The ICH Q10 document offers a comprehensive approach to quality systems and is based on existing regulatory guidance and industry standards from ISO, ICH, and GMPs. (See U.S. FDA Guidance for Industry Concerning Quality Systems Approach to Pharmaceutical current GMPs Regulations and 21 CFR Parts 210 and 211; ICH 7 Good Manufacturing Guidance for Active Pharmaceutical Ingredients.) The proposed guideline will apply to pharmaceuticals, biologicals, and biotechnology therapeutics beginning with drug approval and continuing through to marketing date and discontinuance. ICH Q10 is designed to augment rather than replace or substitute current regulations and standards, while harmonizing with the regional guidance. When one is implementing ISO 9001 and GMPs, this ICH Q10 document will ease the burden of, and provide guidance for, the process.

The expected benefits of successfully integrating the aforementioned standards are significant returns on investment by reducing the costs of drug manufacturing and delivery, coupled with enhanced process efficiencies.

The GMPs and ISO 9001 have converged from two distinct beginnings to establish guidance to better business and regulatory practices. Better-quality drug products, reduced drug shortages, minimizing validation and compliance documentation, and speeding products to market are a few major benefits of this harmonization.

Compliance to both standards as well as the ICH Q10 guidance can help an organization provide superior products, processes, and invaluable customer service. This will result in a safer and healthier drug-product pipeline and an improved financial bottom line for the industry.
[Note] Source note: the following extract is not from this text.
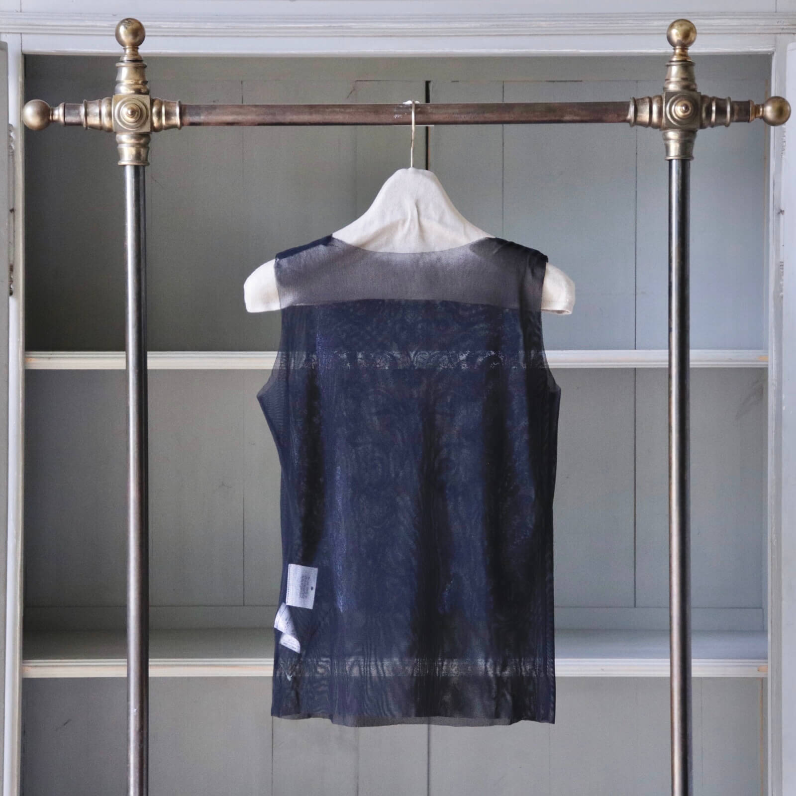 クラシカルなレース模様のデザインが印象的なフロッキープリントのキャミソール。

It’s important to note that, no matter which quality approach is followed, good science and its application to company processes is paramount to the success of the quality program.

In summary
GMP companies have a slight edge when becoming registered to ISO 9001. Whereas ISO 9001 applies to the quality management systems for products in general, FDA 21 CFR Parts 210 and 211 are specific to manufacturing drugs. Therefore, the quality procedures and drug-product attributes are clearly defined as required by law and enforced by the FDA. This compliance provides manufacturers with the tools and requirements to meet ISO 9001’s requirements more readily than ISO 9001 compliance does for GMPs compliance.

GMPs operations would strongly benefit from adding ISO 9001-required quality measurement and customer satisfaction programs.
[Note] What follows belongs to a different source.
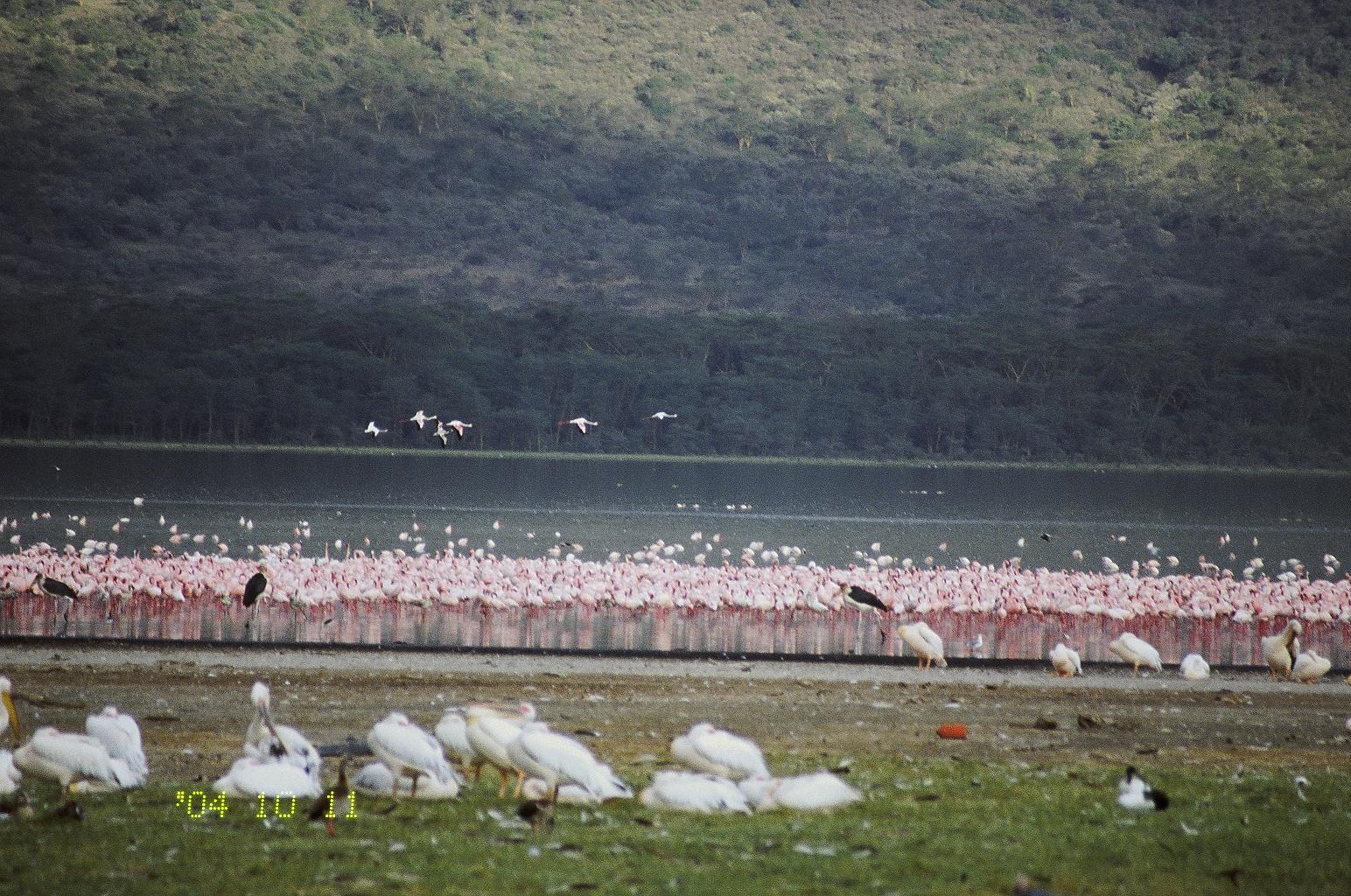 ナクル湖はケニアの大地溝帯の中にある水深の浅いアルカリ湖で、フラミンゴが好んで食べる "スピルリナ" と呼ばれる植物性プランクトンが大量に発生する餌場です。そのため多くのフラミンゴが飛来しており、水辺はまるでピンク色の花びらをちりばめたようでした。

ISO companies would benefit from the GMPs’ systems control and documentation requirements, and the product would benefit from the GMPs’ standards to demonstrate “safety, strength, quality, and purity” of the final drug product.
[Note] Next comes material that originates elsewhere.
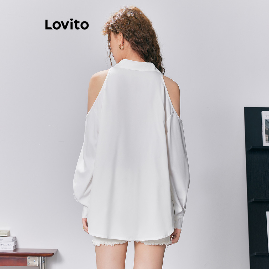 Lovito Áo cánh nữ không đối xứng có cúc trước trơn thanh lịch lne24084 (Nhiều màu)

It’s possible for a company to adhere to both standards and achieve full compliance to each.

About the author
Rick Calabrese is the corporate quality manager for Sartorius Group North America. He holds a bachelor’s degree in geology and a master’s degree in industrial management, both from SUNY Stony Brook. Calabrese has more than 20 years of experience in quality within the pharmaceutical industry, and more than 12 years of experience in performing both internal and external audits.

A. Mark Trotter is the business development and training manager for Sartorius Stedim Biotech Inc. He completed his postgraduate studies at Long Island University, earning a master’s degree in medical microbiology and an MBA. Trotter has an extensive background in the biopharmaceutical sciences coupled with regulatory knowledge that supports his expertise in process validations.

Luke T. Foo is the quality assurance/quality control director at Spectrum Pharmaceuticals in Irvine, California. He has a bachelor’s degree in pharmacy from the Brooklyn College of Pharmacy and a master’s degree in management systems analysis from Kean University. Foo has more than 30 years of pharmaceutical/biotechnology experience in manufacturing, product development, and quality assurance.